At 11:43 AM 1/12/2013, Serge Lacasse wrote:
>Content-type: text/html; charset=Windows-1252
>Content-language: fr-FR
>Hi all,
>I would like to have your opinion (that has most 
>probably already been proposed) on a possible 
>analogy. Reading Sebastian Sumjan's linguistic 
>grammar theory (itself derived from Bateson's 
>genetic model, see below), I was wondering if 
>one could draw an analogy between his 
>geno-/phenotype grammars and Set Theory.
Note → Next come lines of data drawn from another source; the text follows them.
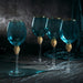 - Make a powerful statement with our Blue color Diamond Gold rimmed wine glass set of 4. This elegant glass set is made of mouth-blown borosilicate glass and features a beautiful gold rim and diamond stem. The classic design of these phenomenal wine glasses makes this set perfect for casual dinner parties or for more elegant occasions such as wedding receptions and anniversaries. An excellent addition to any glassware collection!
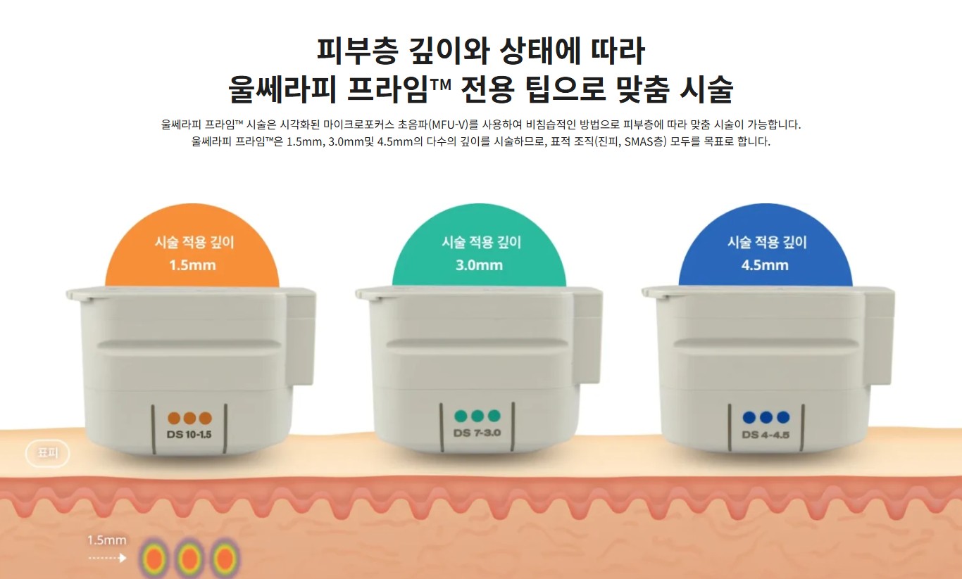 Ultherapy 根据能量到达的深度使用 3 种换能器探头。
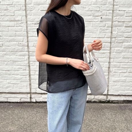 キレイ目にも使えるシアーオーガンジーレイヤードノースリーブ

Could 
>we, for example, consider sets as genotypes that 
>may then give rise to different forms of 
>realizations (phenotypes)? Conversely (and this 
>commutative property of Sumjan's model is 
>crucial), one can of course deduce genotypes 
>from existing phenotypes. Just an idea, but 
>again, not being a music theorist, I suspect 
>many have already explored this avenue: you 
>would be very kind to guide me towards relevant sources.
>Here is a quote from Sebastian Shaumyan 
>[Sumjan], A Semiotic Theory of Language, 
>Bloomington, Indiana University Press, 1987.
>"[97] We can think of the syntactic structure of 
>a sentence as something independent of the way 
>it is represented in terms of syntagmatic units. 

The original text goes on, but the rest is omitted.